- **DESCRIPTION OF THE TASK**
The first line of the entries is where the copy starts and the line with "Samariterstr subway" is where it ends; set down each line exactly, both ends included, and drop pictures.

- **RECORDED DATA**
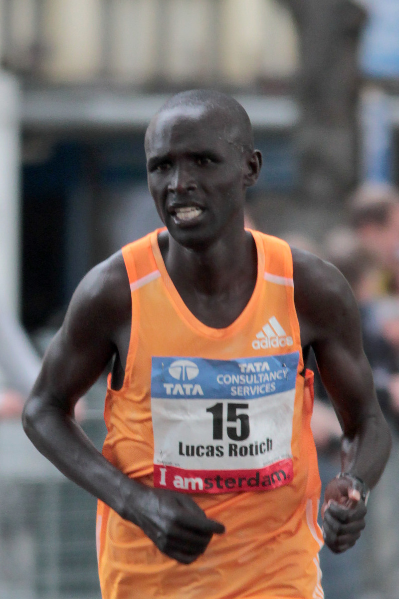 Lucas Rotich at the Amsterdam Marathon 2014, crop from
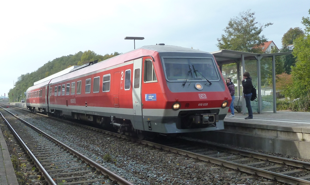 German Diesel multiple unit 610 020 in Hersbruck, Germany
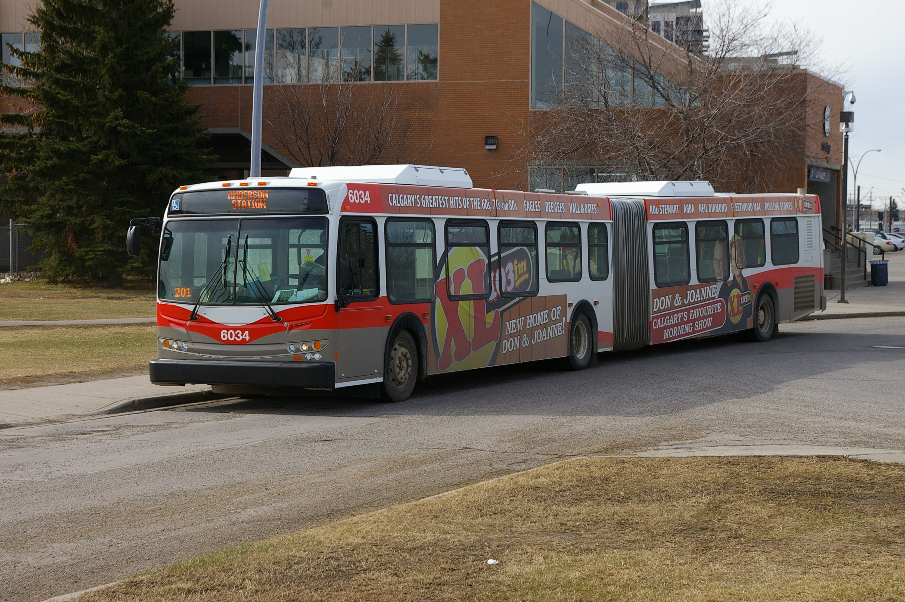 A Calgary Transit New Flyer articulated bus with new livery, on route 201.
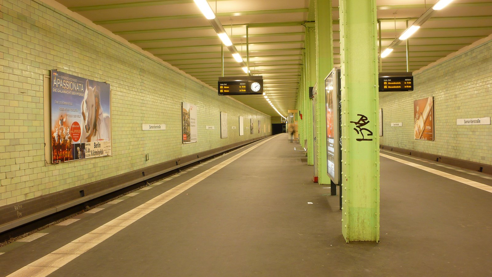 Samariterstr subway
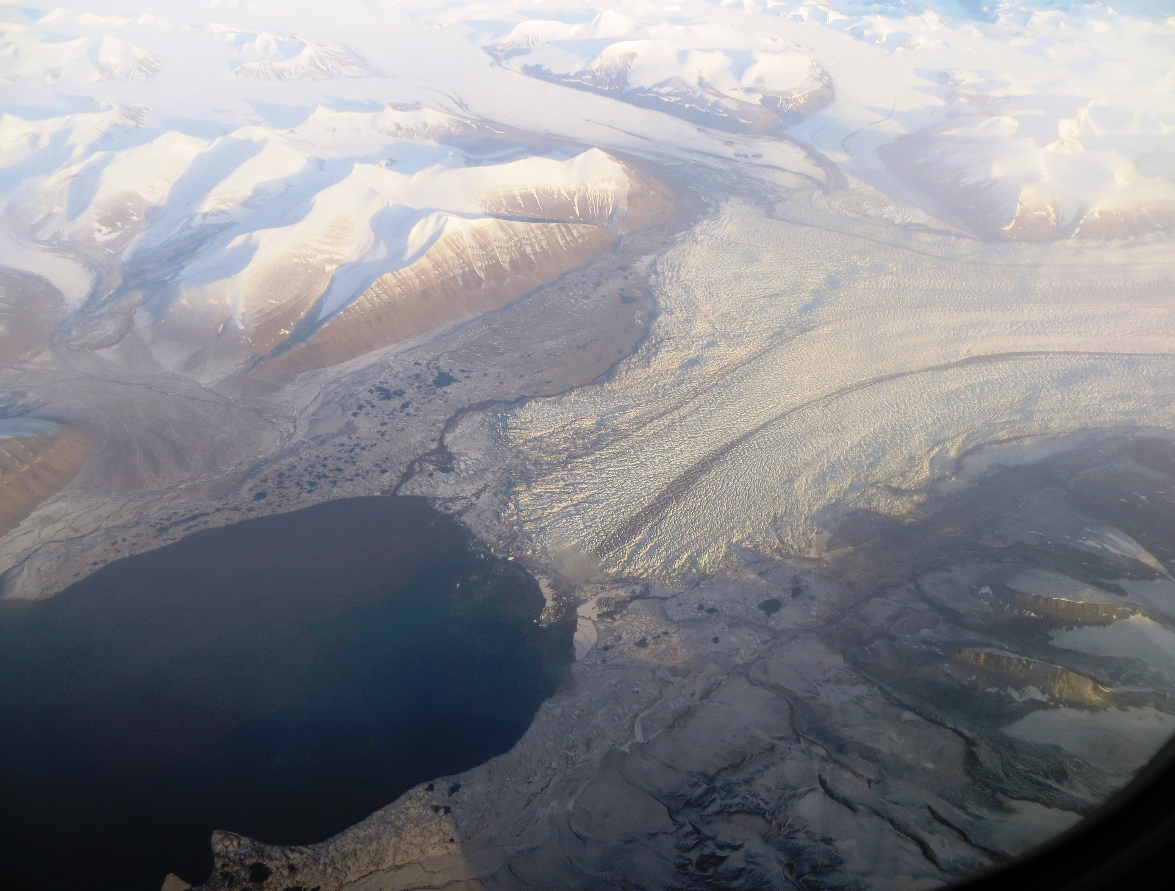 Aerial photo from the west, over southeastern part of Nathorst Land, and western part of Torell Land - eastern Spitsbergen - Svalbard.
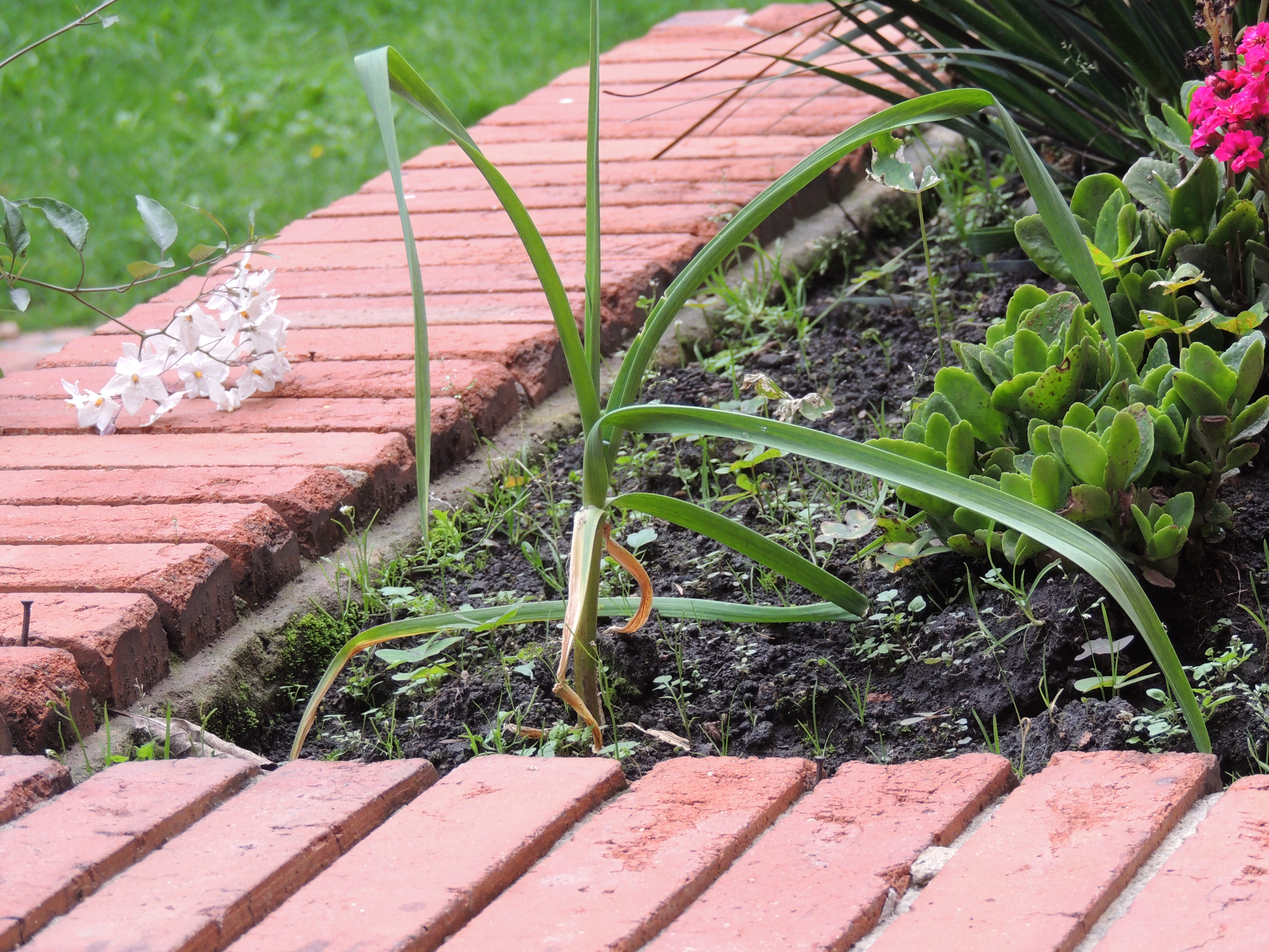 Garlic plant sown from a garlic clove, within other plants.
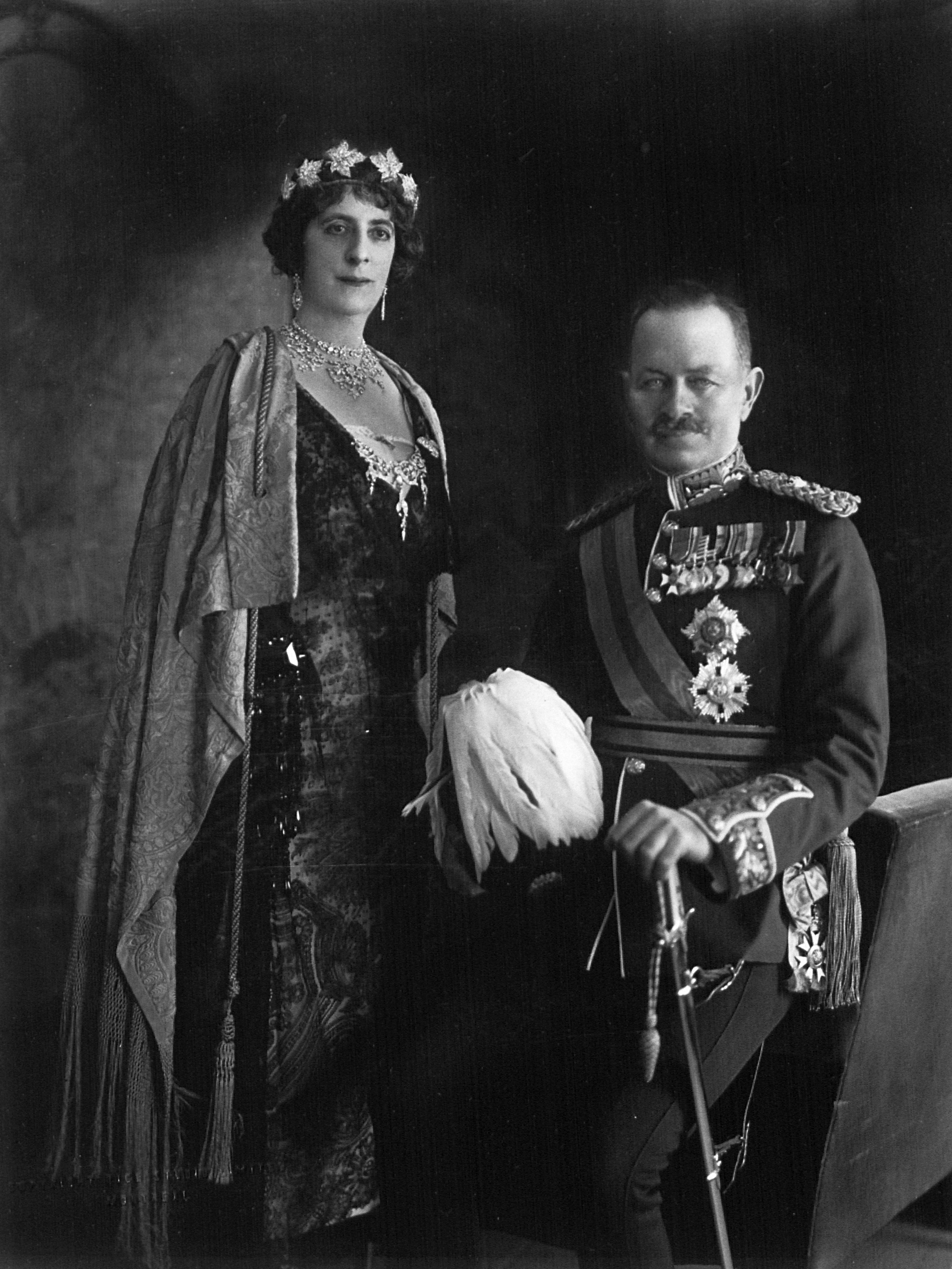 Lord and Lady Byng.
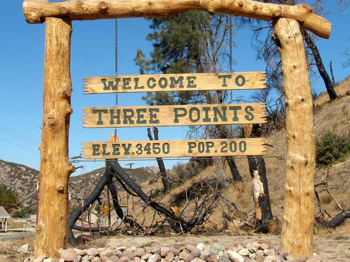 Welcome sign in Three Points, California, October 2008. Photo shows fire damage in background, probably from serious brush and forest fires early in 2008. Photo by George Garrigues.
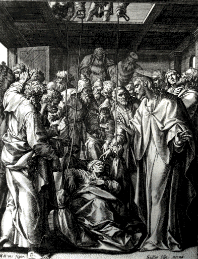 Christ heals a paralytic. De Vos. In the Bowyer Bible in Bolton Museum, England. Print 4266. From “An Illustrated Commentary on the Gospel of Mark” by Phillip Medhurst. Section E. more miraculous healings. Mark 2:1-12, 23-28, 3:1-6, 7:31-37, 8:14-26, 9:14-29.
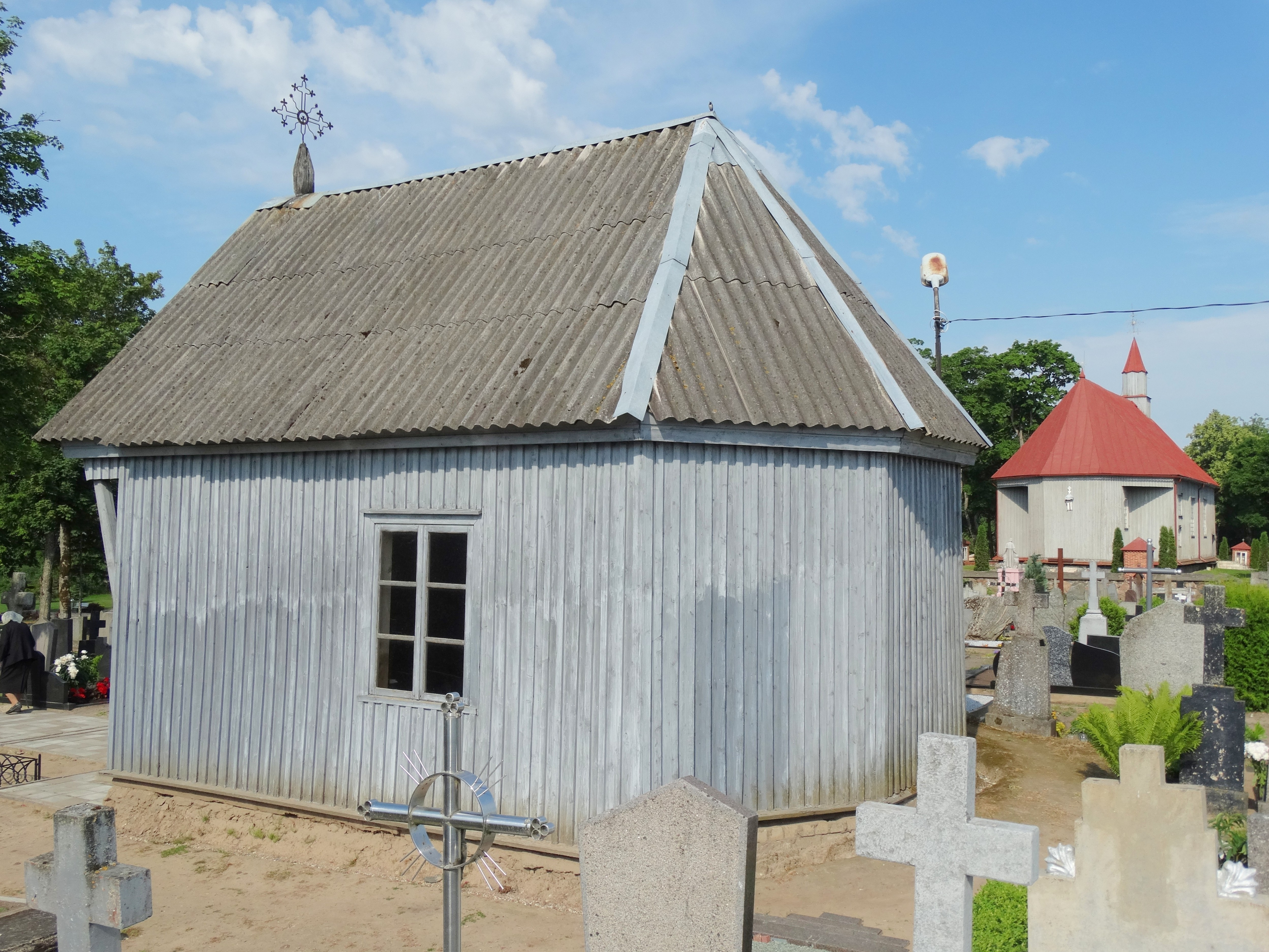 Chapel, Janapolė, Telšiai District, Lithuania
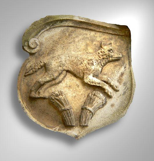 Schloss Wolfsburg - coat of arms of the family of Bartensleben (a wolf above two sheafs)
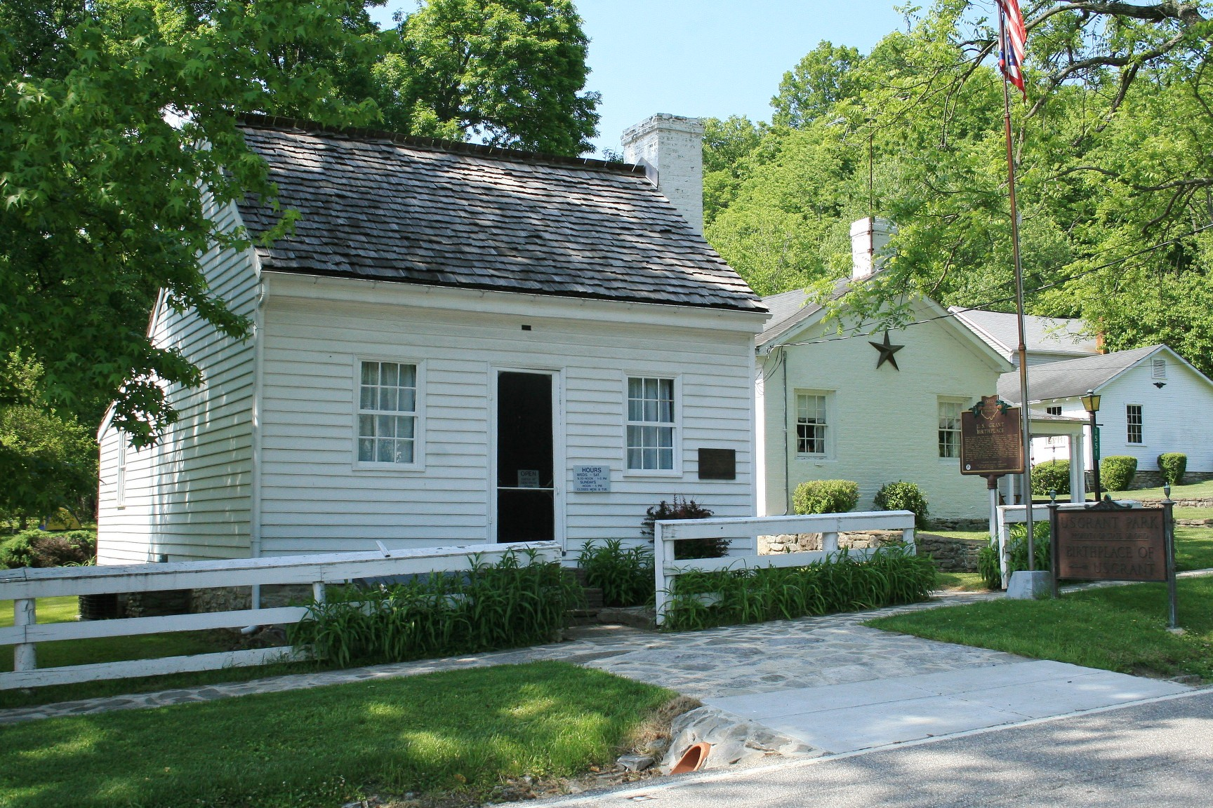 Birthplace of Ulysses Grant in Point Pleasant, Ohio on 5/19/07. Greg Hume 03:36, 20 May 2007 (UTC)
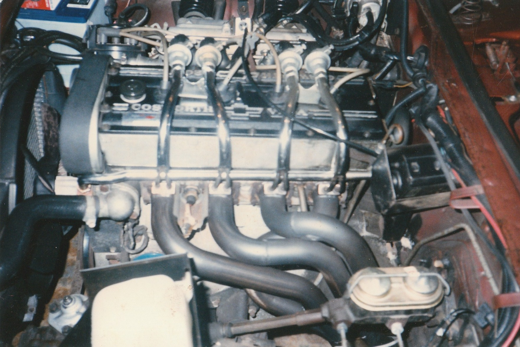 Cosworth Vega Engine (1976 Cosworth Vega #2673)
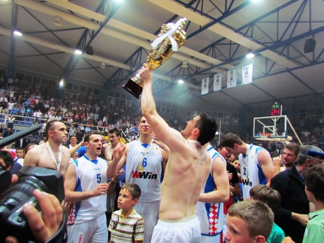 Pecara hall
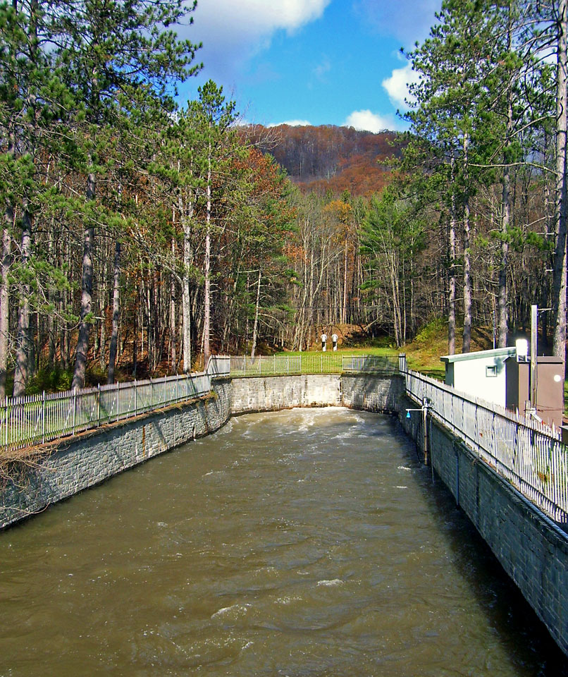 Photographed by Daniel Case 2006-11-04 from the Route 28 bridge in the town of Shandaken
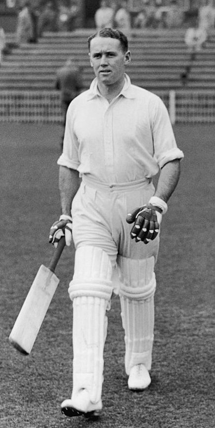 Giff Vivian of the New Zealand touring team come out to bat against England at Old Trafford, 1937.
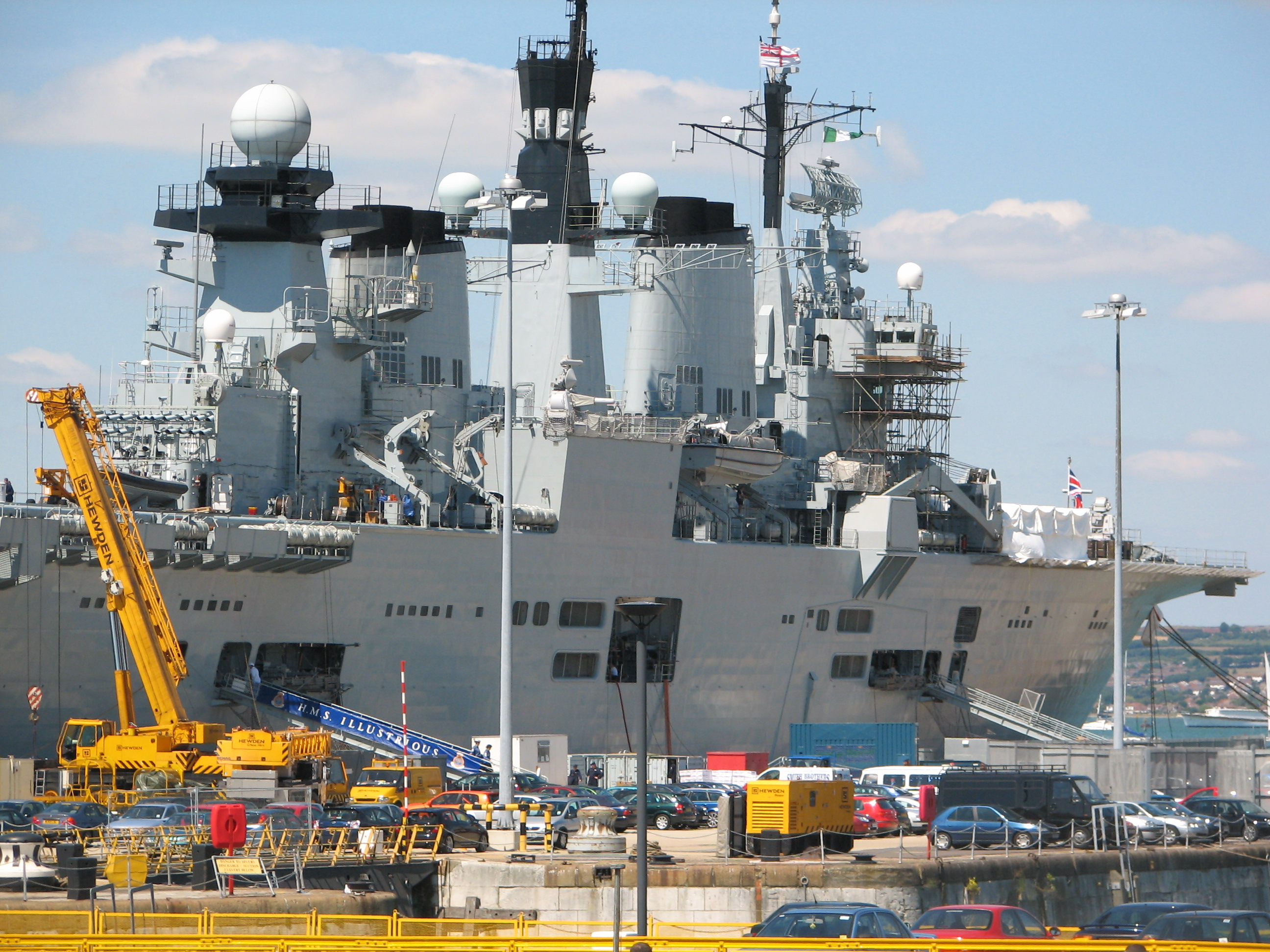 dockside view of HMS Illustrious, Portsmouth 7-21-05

- **RESULT FOR THIS TASK**
 Lucas Rotich at the Amsterdam Marathon 2014, crop from
 German Diesel multiple unit 610 020 in Hersbruck, Germany
 A Calgary Transit New Flyer articulated bus with new livery, on route 201.
 Samariterstr subway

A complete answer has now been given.